TASK INSTRUCTIONS =>
Reproduce, without any change, the span of lines from the opening of the records below to the line containing "Tobirama is a", inclusive.

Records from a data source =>
╔══
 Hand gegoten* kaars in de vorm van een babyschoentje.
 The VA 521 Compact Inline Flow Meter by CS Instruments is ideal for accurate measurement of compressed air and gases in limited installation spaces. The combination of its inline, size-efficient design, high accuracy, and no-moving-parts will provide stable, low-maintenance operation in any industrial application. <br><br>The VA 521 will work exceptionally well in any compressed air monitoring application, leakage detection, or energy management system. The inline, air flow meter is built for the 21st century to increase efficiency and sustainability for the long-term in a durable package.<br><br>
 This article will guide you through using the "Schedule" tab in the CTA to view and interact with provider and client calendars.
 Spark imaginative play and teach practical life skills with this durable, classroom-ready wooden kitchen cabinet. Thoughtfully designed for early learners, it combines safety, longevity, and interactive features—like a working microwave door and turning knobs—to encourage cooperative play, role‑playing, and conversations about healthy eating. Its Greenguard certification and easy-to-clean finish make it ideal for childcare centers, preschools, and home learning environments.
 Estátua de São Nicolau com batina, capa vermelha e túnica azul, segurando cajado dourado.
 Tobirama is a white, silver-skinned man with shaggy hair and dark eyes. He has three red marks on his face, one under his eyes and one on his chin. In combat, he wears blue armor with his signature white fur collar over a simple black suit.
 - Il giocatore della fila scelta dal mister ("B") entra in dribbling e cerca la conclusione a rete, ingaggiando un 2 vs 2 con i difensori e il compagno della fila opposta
╚══
RESPONSE AREA =>
 Hand gegoten* kaars in de vorm van een babyschoentje.
 The VA 521 Compact Inline Flow Meter by CS Instruments is ideal for accurate measurement of compressed air and gases in limited installation spaces. The combination of its inline, size-efficient design, high accuracy, and no-moving-parts will provide stable, low-maintenance operation in any industrial application. <br><br>The VA 521 will work exceptionally well in any compressed air monitoring application, leakage detection, or energy management system. The inline, air flow meter is built for the 21st century to increase efficiency and sustainability for the long-term in a durable package.<br><br>
 This article will guide you through using the "Schedule" tab in the CTA to view and interact with provider and client calendars.
 Spark imaginative play and teach practical life skills with this durable, classroom-ready wooden kitchen cabinet. Thoughtfully designed for early learners, it combines safety, longevity, and interactive features—like a working microwave door and turning knobs—to encourage cooperative play, role‑playing, and conversations about healthy eating. Its Greenguard certification and easy-to-clean finish make it ideal for childcare centers, preschools, and home learning environments.
 Estátua de São Nicolau com batina, capa vermelha e túnica azul, segurando cajado dourado.
 Tobirama is a white, silver-skinned man with shaggy hair and dark eyes. He has three red marks on his face, one under his eyes and one on his chin. In combat, he wears blue armor with his signature white fur collar over a simple black suit.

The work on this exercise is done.